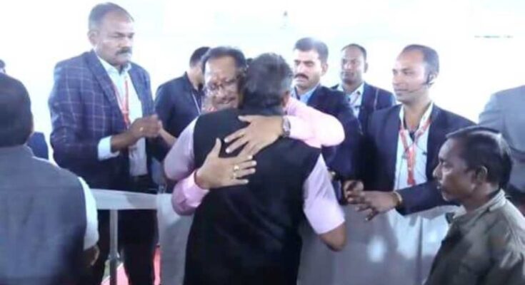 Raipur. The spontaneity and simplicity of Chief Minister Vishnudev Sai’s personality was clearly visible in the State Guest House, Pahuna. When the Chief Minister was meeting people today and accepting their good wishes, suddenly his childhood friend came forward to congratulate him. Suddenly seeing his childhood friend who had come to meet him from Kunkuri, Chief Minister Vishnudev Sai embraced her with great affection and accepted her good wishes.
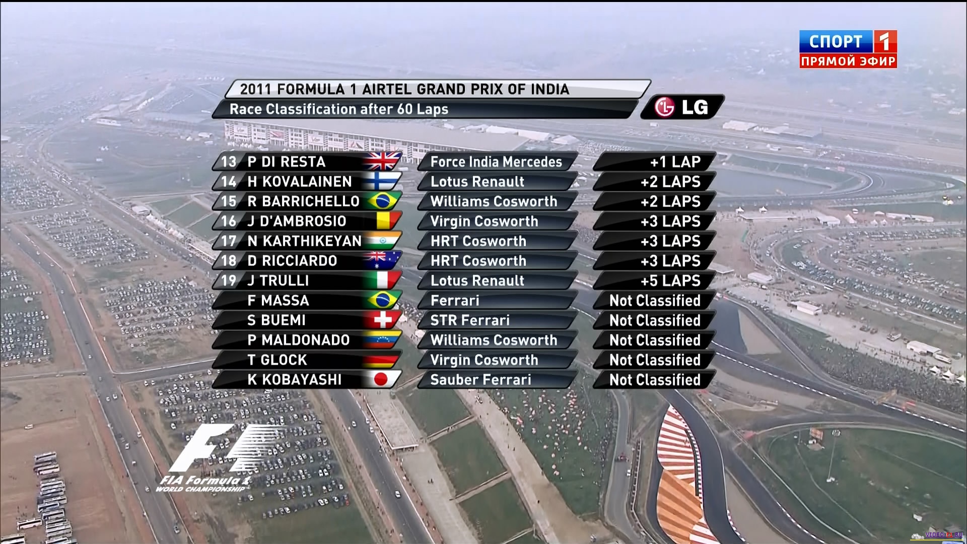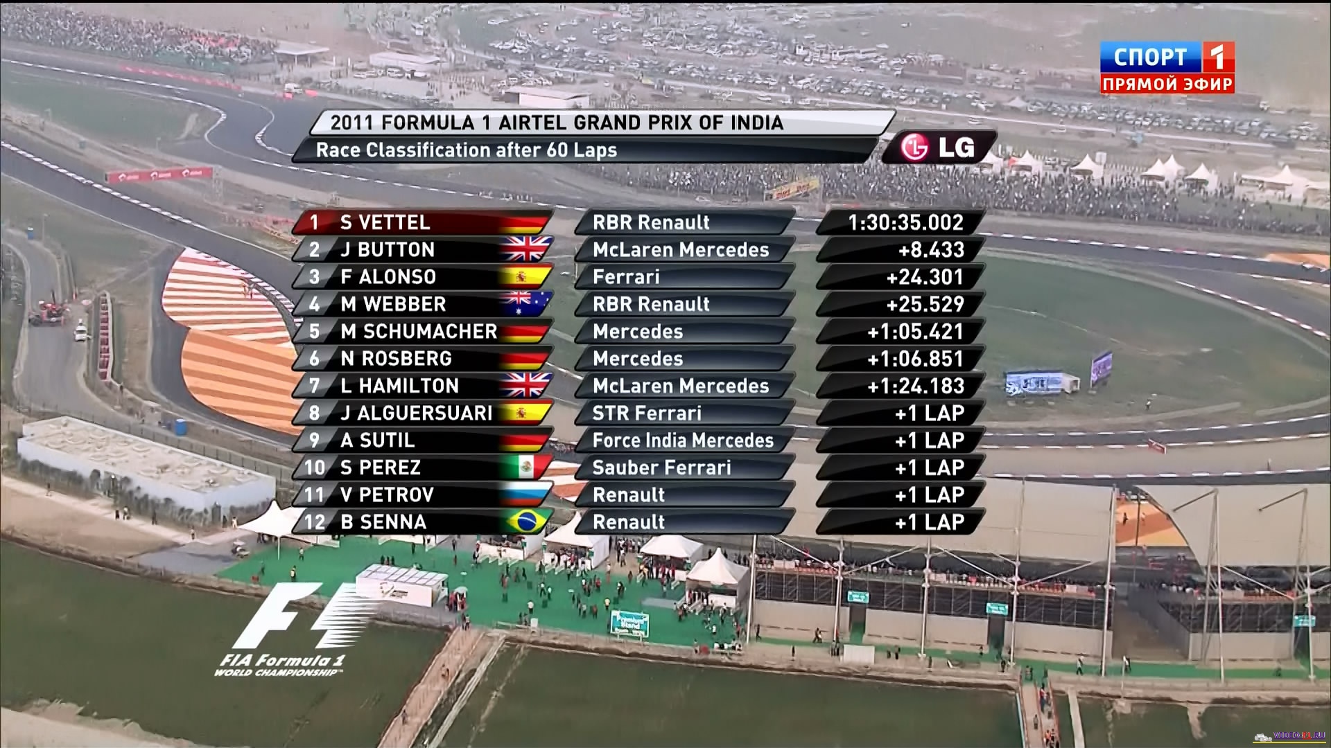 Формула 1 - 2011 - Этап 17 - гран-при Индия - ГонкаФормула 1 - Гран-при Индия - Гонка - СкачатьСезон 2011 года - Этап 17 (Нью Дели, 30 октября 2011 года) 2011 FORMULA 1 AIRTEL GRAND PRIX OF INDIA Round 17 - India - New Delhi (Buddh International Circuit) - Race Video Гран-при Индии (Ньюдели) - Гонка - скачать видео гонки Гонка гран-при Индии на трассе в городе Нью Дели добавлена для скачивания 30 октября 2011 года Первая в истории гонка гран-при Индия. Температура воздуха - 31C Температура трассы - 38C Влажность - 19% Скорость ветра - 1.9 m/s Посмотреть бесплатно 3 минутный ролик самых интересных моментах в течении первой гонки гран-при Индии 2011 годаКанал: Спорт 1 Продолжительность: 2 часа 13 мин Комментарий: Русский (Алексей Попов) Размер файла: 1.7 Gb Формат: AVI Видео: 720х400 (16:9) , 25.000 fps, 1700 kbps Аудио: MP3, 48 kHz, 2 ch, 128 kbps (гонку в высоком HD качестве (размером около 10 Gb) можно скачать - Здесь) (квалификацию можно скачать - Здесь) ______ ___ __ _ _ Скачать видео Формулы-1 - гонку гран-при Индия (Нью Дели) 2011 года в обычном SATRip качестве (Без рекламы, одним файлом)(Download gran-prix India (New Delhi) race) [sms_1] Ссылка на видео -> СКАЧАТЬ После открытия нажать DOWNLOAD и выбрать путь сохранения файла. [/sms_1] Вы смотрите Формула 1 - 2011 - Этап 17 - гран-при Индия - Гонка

* * *

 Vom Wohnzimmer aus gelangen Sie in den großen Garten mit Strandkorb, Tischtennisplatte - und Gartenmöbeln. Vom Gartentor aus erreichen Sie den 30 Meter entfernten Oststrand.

**WHAT THE EXERCISE ASKS:** Transcribe, word for word, the stretch of lines in the data above from the one with "Raipur. The spontaneity" through the one with "Индия - ГонкаФормула"; omit all pictures.

**OUTPUT BELOW:**
 Raipur. The spontaneity and simplicity of Chief Minister Vishnudev Sai’s personality was clearly visible in the State Guest House, Pahuna. When the Chief Minister was meeting people today and accepting their good wishes, suddenly his childhood friend came forward to congratulate him. Suddenly seeing his childhood friend who had come to meet him from Kunkuri, Chief Minister Vishnudev Sai embraced her with great affection and accepted her good wishes.
 Формула 1 - 2011 - Этап 17 - гран-при Индия - ГонкаФормула 1 - Гран-при Индия - Гонка - СкачатьСезон 2011 года - Этап 17 (Нью Дели, 30 октября 2011 года) 2011 FORMULA 1 AIRTEL GRAND PRIX OF INDIA Round 17 - India - New Delhi (Buddh International Circuit) - Race Video Гран-при Индии (Ньюдели) - Гонка - скачать видео гонки Гонка гран-при Индии на трассе в городе Нью Дели добавлена для скачивания 30 октября 2011 года Первая в истории гонка гран-при Индия. Температура воздуха - 31C Температура трассы - 38C Влажность - 19% Скорость ветра - 1.9 m/s Посмотреть бесплатно 3 минутный ролик самых интересных моментах в течении первой гонки гран-при Индии 2011 годаКанал: Спорт 1 Продолжительность: 2 часа 13 мин Комментарий: Русский (Алексей Попов) Размер файла: 1.7 Gb Формат: AVI Видео: 720х400 (16:9) , 25.000 fps, 1700 kbps Аудио: MP3, 48 kHz, 2 ch, 128 kbps (гонку в высоком HD качестве (размером около 10 Gb) можно скачать - Здесь) (квалификацию можно скачать - Здесь) ______ ___ __ _ _ Скачать видео Формулы-1 - гонку гран-при Индия (Нью Дели) 2011 года в обычном SATRip качестве (Без рекламы, одним файлом)(Download gran-prix India (New Delhi) race) [sms_1] Ссылка на видео -> СКАЧАТЬ После открытия нажать DOWNLOAD и выбрать путь сохранения файла. [/sms_1] Вы смотрите Формула 1 - 2011 - Этап 17 - гран-при Индия - Гонка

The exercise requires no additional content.